# kann man ein bmx umbauen ohne viel mühe in ein mtb



## blackraven (28. September 2005)

hallo  
ich habe eine vrage kann ich mijn bmx umbauen zu nem mtb und wenn 
welche teile brauche ich dann bin noch anpfenger


----------



## jackiex (28. September 2005)

1. Bist du zufällig ein Troll?  

2. Nein   ich glaub da brauchstest du 
 -einen neuen Mountainbike Rahmen
 -eine komplett Garnitur MTB Parts

3.guck dir mal die beiden Bilder an










da kann man nix umbauen

BMX sind aber ebenso geil wie MTB und man kan auch damit seinen spaß haben!
(Solange dein BMX nicht aus dem Baumarkt oder von ALDI ist)


----------



## MTB-News.de




----------



## blackraven (28. September 2005)

ja du hast recht das is echt ein groser unterschied aber trotsdem danke fur die mühe grüsse blackraven


----------



## marsi-darsi (28. September 2005)

blackraven schrieb:
			
		

> ja du hast recht das is echt ein groser unterschied aber trotsdem danke fur die mühe grüsse blackraven



starke leistung!
nich nur dein bikeverständnis scheint gut zu sein, sondern auch dein fehlerfreier wortschatz.


----------



## kitor (28. September 2005)

> ja du hast recht das is echt ein groser unterschied aber trotsdem danke fur die mühe grüsse blackraven



Pisa läßt grüßen....

Oder ist das eine neue Form des Jugend-Rebellentums?

  



> bin noch anpfenger




Stimmt!


----------



## andy1 (29. September 2005)

blackraven schrieb:
			
		

> hallo
> ich habe eine vrage kann ich mijn bmx umbauen zu nem mtb und wenn
> welche teile brauche ich dann bin noch anpfenger


 
Ja, geht dem, prauchst du noch ein paar Zusadsteile: Sattel und Griffe kannst du schomma abschrauben und beiseide legen. Den Rest musst du noch besorgen

Hast dun guten Schweißer? kannst du sogar den Rahmen nehmen für die größeren Räder.

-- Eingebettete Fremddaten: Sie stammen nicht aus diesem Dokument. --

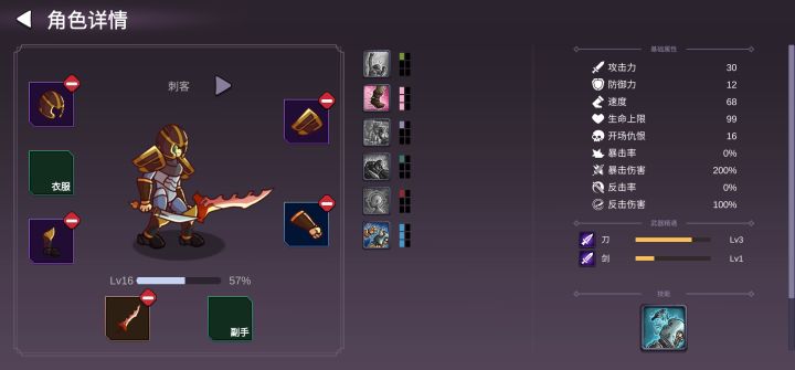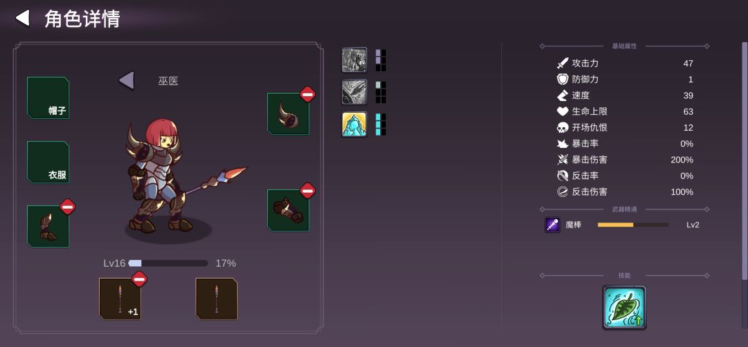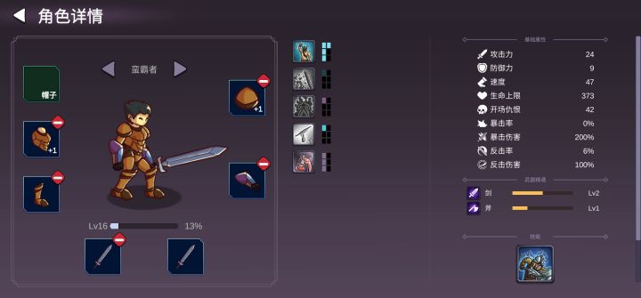第二关难度也不大,在第一关的基础上补全阵容,蛮霸者可以用骑士二号(可能会缺输出)或弓箭法师(培养不过来也保护不过来,第三关容易掉点)代替,但蛮霸者永远是最优解。巫医作为一个不吃治疗效果的奶,培养成本极低单体、奶量极大,是蛮霸者的专职奶奶,一定要在第二关找到。路线选择武器问号防具优先,宝石金币(我之前很喜欢拿金币,但是转念一想随便一件装备卖了都有两金,金币瞬间就不香了)次之。防具选择加血套给蛮霸者,加速套给刺客,剩下的破铜烂铁加攻击的给奶奶,加防御的给骑士。第二关boss也是随便打的,传说武器最好刷一把剑,实在刷不动的选盾,最后再考虑刀。

Hab ich gehört dass es da einen Zusadsklit gibt wo man ausm BMX-Laufradsatz einen Mountenbike-Laufradsatz macht. Ich meine da würden dann mit zwischengestecken Aluprofilen die Felgen vergrößerd (also verlängerd), das gleiche mit den Schläuchen und Reifen (Gummizwischenstügge werden eingeklebt). Bei Bicycles.de nachfragen, so um 59,50 $.

Da kannst du sogar für den Umbau ein BMX aus dem Aldi nehmen (entgegen der Meinung eines Vorschraibers - bäh). Einfach hinter der Frischkuchentheke nachschauen, anonsten weiss aber der Fleischwarenfachverkeufer immer ein gut Rad (Hast du Problem, fraggßt du ).

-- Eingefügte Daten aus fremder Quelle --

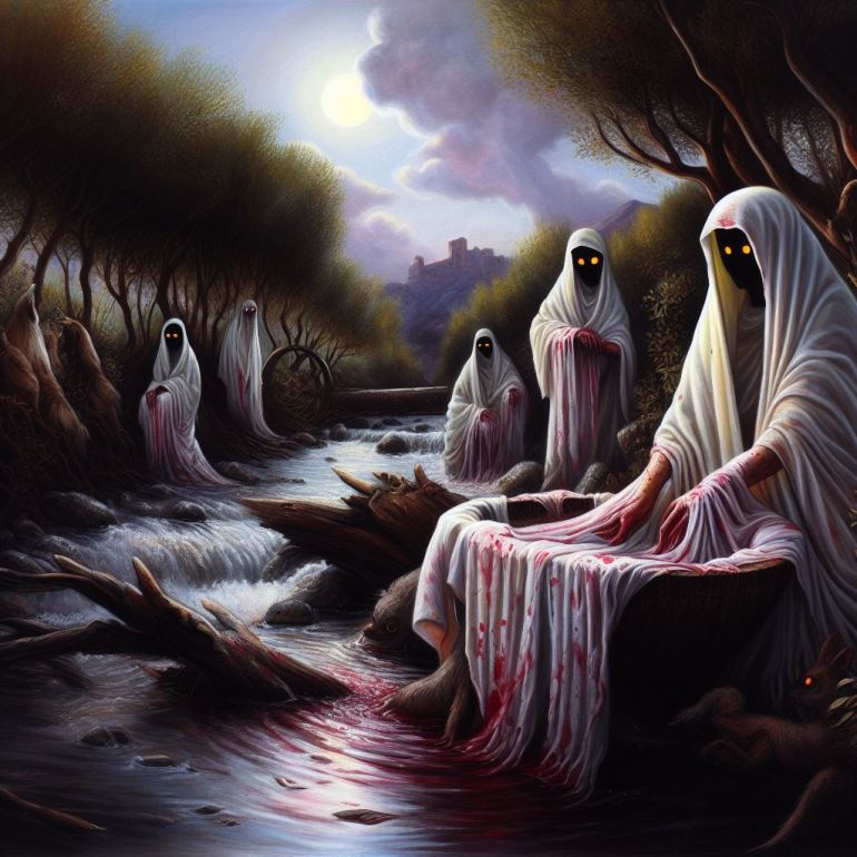 Immaginiamo di passeggiare in una foresta, lungo un ruscello nelle ore notturne e di vedere queste figure femminili che sciacquano i loro panni. Nel frattempo cantano una ninnananna molto triste. Sono delle anime un po’ da temere e un po’ da rispettare. Se qualcuno vede una di loro durante la notte e inizia a parlarci, per quest’ultima, la condanna si prolunga e l’anima in questione sarà condannata a passare altri 7 anni sulla Terra.

Besorg dir mal Literatur von Christian Kuhtz aus der Reihe "Einfälle statt Abfälle" (Chopperräder, eine Hand voll Holz, Müsliquetsche selber bauen etc.).
Was dir danach einfellt bleibt musst dann du mit deiner Intälligens ausmachen.


----------



## JOHN-DOE (29. September 2005)

blackraven dürfte ein Niederländer sein, oder auch Holländer genannt, seine RS sei ihm also verziehen, das ihr da immer drauf rum hacken müsst


----------



## StupidSteak (29. September 2005)

wenn man alles klein schreibt, ist es ok, wenn mal nen tippfehler drin ist, auch, aber wenn derjenige so 'n hauptschüler ist der es wirklich nicht besser weiss, dann ist es wirklich ein armutszeugnis!


----------



## DirtRuler (2. Oktober 2005)

Apropos Rechtschreibung. Andy1s Leistung ist ja wohl auch erwähnenswert:



> Ja, geht dem, prauchst du noch ein paar Zusadsteile: Sattel und Griffe kannst du schomma abschrauben und beiseide legen. Den Rest musst du noch besorgen


 @blackraven:Es ist meiner Meinung nach nicht sehr sinnvoll ein BMX zu einem MTb um zu bauen. Das Einzige was man vom BMX verwenden könnte, wären die Kurbeln(evtl. Innenlager) ,die Pedale,die  Griffe und beim Umbau auf Singlespeed auch das Kettenblatt und die Kette. Also nicht sehr sinnvoll ,weil man die teurem Teile (GAbel, Laufräder, RAhmen,Bremse) noch kaufen müsste.


----------



## Flatpro (2. Oktober 2005)

blackraven schrieb:
			
		

> hallo
> ich habe eine vrage kann ich mijn bmx umbauen zu nem mtb und wenn
> welche teile brauche ich dann bin noch anpfenger


trottel


----------



## eKual (2. Oktober 2005)

ein freund der fährt kein dirt und kein bmx und er wusste es das es nicht geht !!!


----------



## MTB-News.de




----------



## blackraven (2. Oktober 2005)

echt vielen dank für al eure antworten     dan kaufe ich mir hald ein neues mtb  im vachhandel



grüsse blackraven


----------



## s1c (3. Oktober 2005)

geil!

nein lass es lieber mit dem umbau


----------



## gwathdraug (6. Oktober 2005)

also als antwort 
man kann bestimmt paar parts vom bmx fürs mtb benutzen, aber hängt von den parts ab



offtopic: ich bin ja eigentlich mtb fahrer, aber bin nun die ganze zeit am überlegen, ob ich auf bmx umsteigen sollte, da:
-parts günstigerund stabiler sind
-es wendiger ist 
-kleiner ist und ins auto passt
-es street/dirt technisch mehr möglichkeiten gibt

dagegen spricht:
- also ich sitz hier grad mit nem handhelenksbruch und hab schrauben und drähte im handgelenk und ich weiß nicht
ich befürchtel, dass die starrgabel am anfang sehr ins handgelenk geht
(der arzt meinte aber, wenn die drähte nächste woche rauskommen, dann darf ich es wieder so stark belasten wie vorm bruch)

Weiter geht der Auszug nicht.